**What is needed:**
Would you retype the listing below word for word, without any of its pictures?

**Data supplied:**
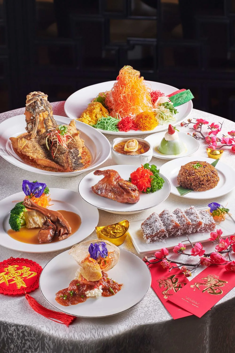 Indulge in a feast of flavours with our set menus, each showcasing a unique culinary experience. Shang Palace offers five distinct set menus, including a vegetarian option, adding a touch of indulgence to the auspicious Lunar New Year celebrations. Set menu prices range from RM158 nett per person for the Five Blessings 5-course Set Lunch (minimum 4 persons) to RM398 nett for the Happy Reunion 9-course Set Menu (minimum 6 persons). All set menus commence with vibrant Yee Sang and conclude with a delectable combination of Pan-fried Nian Gao, ensuring a delightful beginning and sweet ending to your dining experience.
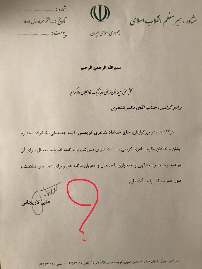 Home/PoliticsA picture of a condolence letter addressed to Mr. Shaeri, the former mayor of Ahvaz, from Ali Larijani has been published on local social networks in Khuzestan.Read1 minute -Wednesday 2025/10/01 - 11:40News Code:22891Share If this is not a fake condolence message, I wonder why Ali Larijani is listed on his former letterheads asIf this is not a fake condolence message, I wonder why Ali Larijani wrote this message on his former letterhead as an advisor to Ayatollah Khamenei, and not on the letterhead of the Secretary of the Supreme National Security Council and, at the same time, the Ayatollah's representative on this council?Who is behind the publication of this condolence? Take less than a minute, register and share your opinion under this post.Insulting or inciting messages will be deleted.Sign UpComming Up Next Mr. Ashna, greetings. Are you also examining the theory that this U.S. military mobilization might ultimately have a target other than the Islamic Republic?خواندن 1 minute The matter is perfectly clear. They were released following a directive from the Judiciary, and this directive was followed up with such speed that bail was accepted and they were released even on a holiday.خواندن 1 minute Dr., greetings. What was the outcome of the Medical Examiner's (Forensic Medicine) report that the family was pursuing through the Prosecutor's Office?خواندن 1 minute Twitter responses on Februaryخواندن 4 minutes What is really going on inside the country?خواندن 1 minuteMost ReadMemories of Akbar Hashemi - February 20, 2000 - Meeting with Abdullah Jasbi and Concerns About Election ResultsMovie / Where is Commander Morteza Talaie?Akbar Hashemi's memoirs - 1999 September 10 - The two-person political negotiations with Vaez Tabasi continued until he was escorted to Tehran, where Hashemi apparently decided to seriously participate in the sixth parliamentary elections.The records of the recent periods of the Islamic Council showed that the parliament is not in charge of affairs and cannot interfere or pass resolutions on the authority of the Commander-in-Chief of the Armed Forces at any level, let alone supervise.What will be the future of Iran with the announced candidates for the presidential election? / Conversation with Dr. Taghi Azad AramakiCan I feel tired with you?A Basiji veterinarian was appointed head of the health network instead of an otolaryngologist.Akbar Hashemi's memoirs - 1999 September 5 - The meeting of the senior managers of the judiciary with Hashemi Rafsanjani and their complaint about the neglect of Hashemi Shahroudi, the new head of the judiciary, continues.Memories of Akbar Hashemi - 1999 September 7 - In continuation of the efforts of the late Vaez Tabasi, who used to encourage Hashemi to participate in the elections in frequent meetings, this time he also met with Hashemi.Akbar Hashemi's memories - 1999 September 9 - Continued visits to the belongings, buildings and works of Astan Quds
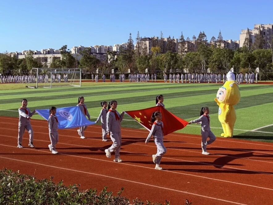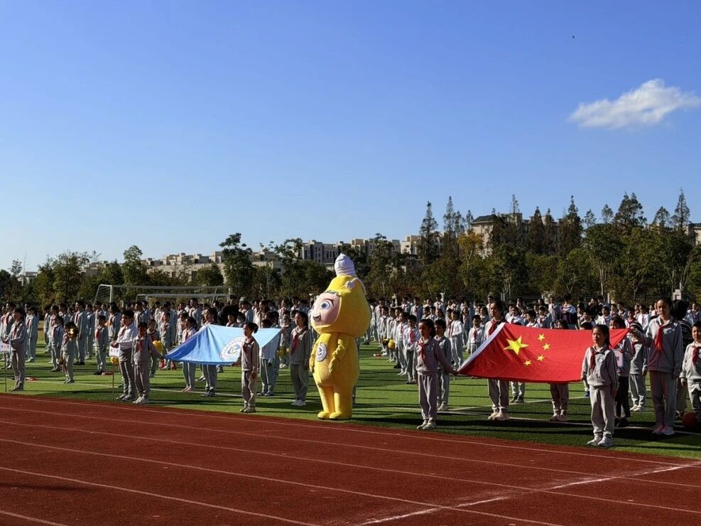 入场式前,吉祥物“亮亮”早早在跑道旁挥舞手臂,向陆续进场的班级代表队热情打招呼。伴随着激昂的运动员进行曲,各班级方阵依次登场:参赛选手们穿着统一运动服,迈着整齐步伐喊出响亮口号;有的带来精彩地集体舞、韵律操表演,创意满满的展示让操场掌声不断。
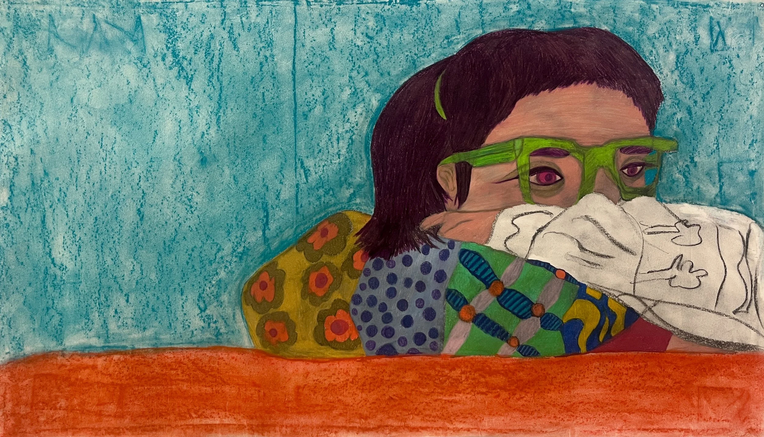 Above: “The people who love me also erase me” (April 2025) - Pastel, charcoal, and colored pencil, 42 inches x 24 inches
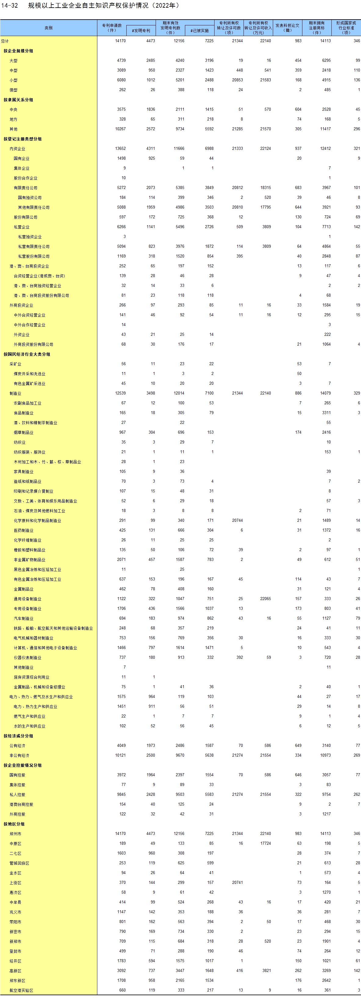 14-32 规模以上工业企业自主知识产权保护情况(2022年)
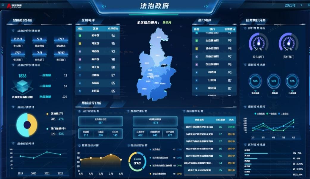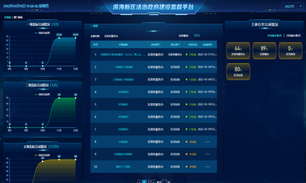 3.通过将法治政府建设工作各项工作指标化、体系化,利用大数据算法模型,实现对法治政府建设示范指标运行情况的分类分级统计分析,辅助管理人员清晰掌握法治政府建设任务推进和完成情况,为领导决策提供能力支撑。

**Result of this task:**
 Indulge in a feast of flavours with our set menus, each showcasing a unique culinary experience. Shang Palace offers five distinct set menus, including a vegetarian option, adding a touch of indulgence to the auspicious Lunar New Year celebrations. Set menu prices range from RM158 nett per person for the Five Blessings 5-course Set Lunch (minimum 4 persons) to RM398 nett for the Happy Reunion 9-course Set Menu (minimum 6 persons). All set menus commence with vibrant Yee Sang and conclude with a delectable combination of Pan-fried Nian Gao, ensuring a delightful beginning and sweet ending to your dining experience.
 Home/PoliticsA picture of a condolence letter addressed to Mr. Shaeri, the former mayor of Ahvaz, from Ali Larijani has been published on local social networks in Khuzestan.Read1 minute -Wednesday 2025/10/01 - 11:40News Code:22891Share If this is not a fake condolence message, I wonder why Ali Larijani is listed on his former letterheads asIf this is not a fake condolence message, I wonder why Ali Larijani wrote this message on his former letterhead as an advisor to Ayatollah Khamenei, and not on the letterhead of the Secretary of the Supreme National Security Council and, at the same time, the Ayatollah's representative on this council?Who is behind the publication of this condolence? Take less than a minute, register and share your opinion under this post.Insulting or inciting messages will be deleted.Sign UpComming Up Next Mr. Ashna, greetings. Are you also examining the theory that this U.S. military mobilization might ultimately have a target other than the Islamic Republic?خواندن 1 minute The matter is perfectly clear. They were released following a directive from the Judiciary, and this directive was followed up with such speed that bail was accepted and they were released even on a holiday.خواندن 1 minute Dr., greetings. What was the outcome of the Medical Examiner's (Forensic Medicine) report that the family was pursuing through the Prosecutor's Office?خواندن 1 minute Twitter responses on Februaryخواندن 4 minutes What is really going on inside the country?خواندن 1 minuteMost ReadMemories of Akbar Hashemi - February 20, 2000 - Meeting with Abdullah Jasbi and Concerns About Election ResultsMovie / Where is Commander Morteza Talaie?Akbar Hashemi's memoirs - 1999 September 10 - The two-person political negotiations with Vaez Tabasi continued until he was escorted to Tehran, where Hashemi apparently decided to seriously participate in the sixth parliamentary elections.The records of the recent periods of the Islamic Council showed that the parliament is not in charge of affairs and cannot interfere or pass resolutions on the authority of the Commander-in-Chief of the Armed Forces at any level, let alone supervise.What will be the future of Iran with the announced candidates for the presidential election? / Conversation with Dr. Taghi Azad AramakiCan I feel tired with you?A Basiji veterinarian was appointed head of the health network instead of an otolaryngologist.Akbar Hashemi's memoirs - 1999 September 5 - The meeting of the senior managers of the judiciary with Hashemi Rafsanjani and their complaint about the neglect of Hashemi Shahroudi, the new head of the judiciary, continues.Memories of Akbar Hashemi - 1999 September 7 - In continuation of the efforts of the late Vaez Tabasi, who used to encourage Hashemi to participate in the elections in frequent meetings, this time he also met with Hashemi.Akbar Hashemi's memories - 1999 September 9 - Continued visits to the belongings, buildings and works of Astan Quds
 入场式前,吉祥物“亮亮”早早在跑道旁挥舞手臂,向陆续进场的班级代表队热情打招呼。伴随着激昂的运动员进行曲,各班级方阵依次登场:参赛选手们穿着统一运动服,迈着整齐步伐喊出响亮口号;有的带来精彩地集体舞、韵律操表演,创意满满的展示让操场掌声不断。
 Above: “The people who love me also erase me” (April 2025) - Pastel, charcoal, and colored pencil, 42 inches x 24 inches
 14-32 规模以上工业企业自主知识产权保护情况(2022年)
 3.通过将法治政府建设工作各项工作指标化、体系化,利用大数据算法模型,实现对法治政府建设示范指标运行情况的分类分级统计分析,辅助管理人员清晰掌握法治政府建设任务推进和完成情况,为领导决策提供能力支撑。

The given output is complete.